- Belvidere Historic District
- U.S. National Register of Historic Places
- U.S. Historic district
- Location: Roughly bounded by the Perquinmans R., NC 37, NC 1200, and NC 1213 surrounding Belvidere, near Hertford, North Carolina
- Coordinates: 36°16′08″N 76°32′17″W﻿ / ﻿36.26889°N 76.53806°W
- Area: 324 acres (131 ha)
- Built: 1833
- Architectural style: Federal, Greek Revival, et al.
- NRHP reference No.: 99000600
- Added to NRHP: June 4, 1999

= Belvidere Historic District (Hertford, North Carolina) =

Historic district in North Carolina, United States

Belvidere Historic District is a national historic district located at Belvidere, near Hertford, Perquimans County, North Carolina, United States. The district encompasses 68 contributing buildings, 3 contributing sites, and 6 contributing structures in the rural agricultural area around the village of Belvidere.

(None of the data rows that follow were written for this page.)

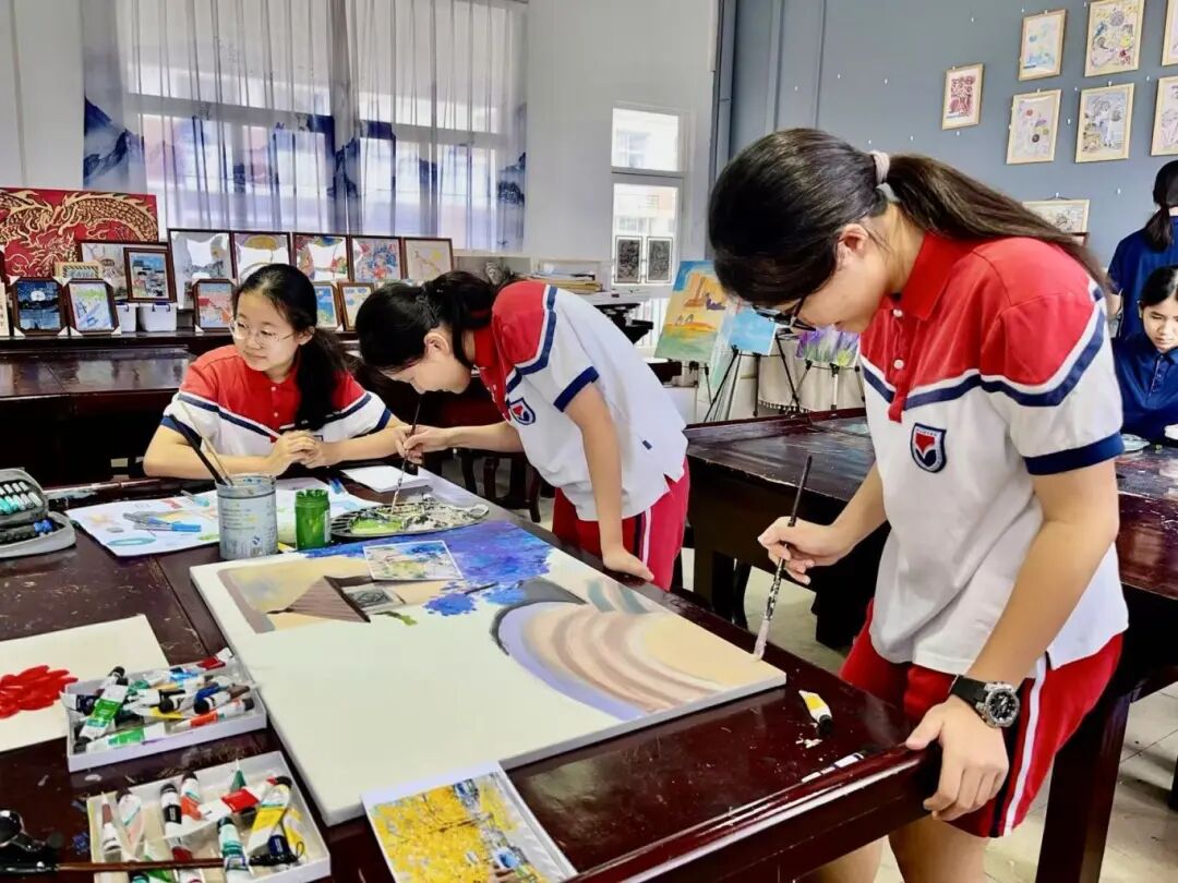 这些凝聚匠心的艺术佳作,让初中部一楼大厅变身浸润式美育课堂。漫步其间,“五育并举”的教育理念化作可触可感的艺术氛围,不仅滋养着学生的审美感知,更在潜移默化中促进身心和谐,助力综合素质全面成长。本次展览既是美育成果的生动缩影,更是点燃艺术热忱的燎原星火,为每一位学生的全面发展,照亮了更多元的成长路径,注入了更丰沛的成长动能!
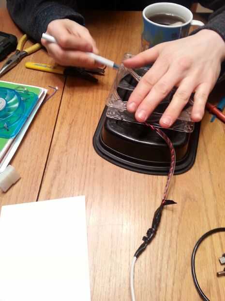Cubrí el consumo del ventilador con un filtro de café. Sólo usé poco de cinta para mantener el filtro en su lugar. Luego perfora agujeros en los cuatro orificios de montaje. Porque estaba en la entrada, el filtro se va introduciendo lo suficiente como para ser frotado por el álabe móvil. Para corregir esto, añadí una cuña doblada de una tarjeta de índice para darle más espacio/fuerza. Montado el ventilador en algunos sujetadores de goma para reducir el ruido de vibración.
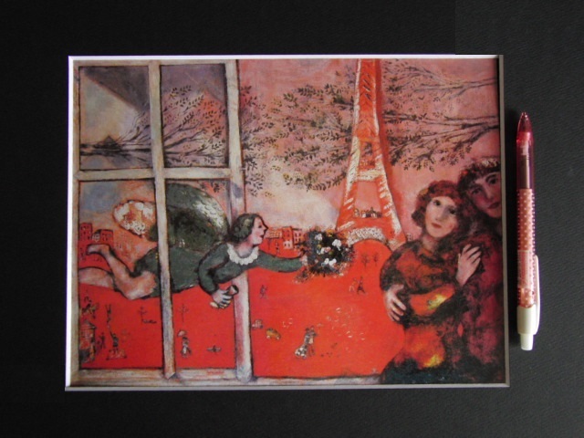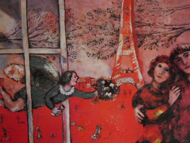 マルク・シャガール、エッフェル塔の若い夫婦、希少な大判額装用画集より、新品高級額装付、状態良好、送料無料
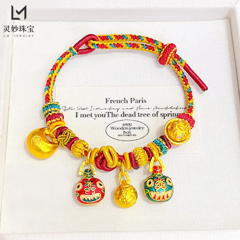 Ancient French Style Sand Gold Enamel Gold-Swallowing Beast Family of Three Colored Rope Bracelet with Fat Fortune Transfer Beads Braided Bracelet for Women

The district developed between about 1800 and 1949, and includes notable examples of Federal and Greek Revival style architecture. Notable buildings include the Joseph Smith House, Rufus White House, Edwin S. White Farm, Fernando C. White Mill Complex, John J. Chappell, Jr. Farm, and Murray and Fernando C. White Farm.

The house was added to the National Register of Historic Places in 1998.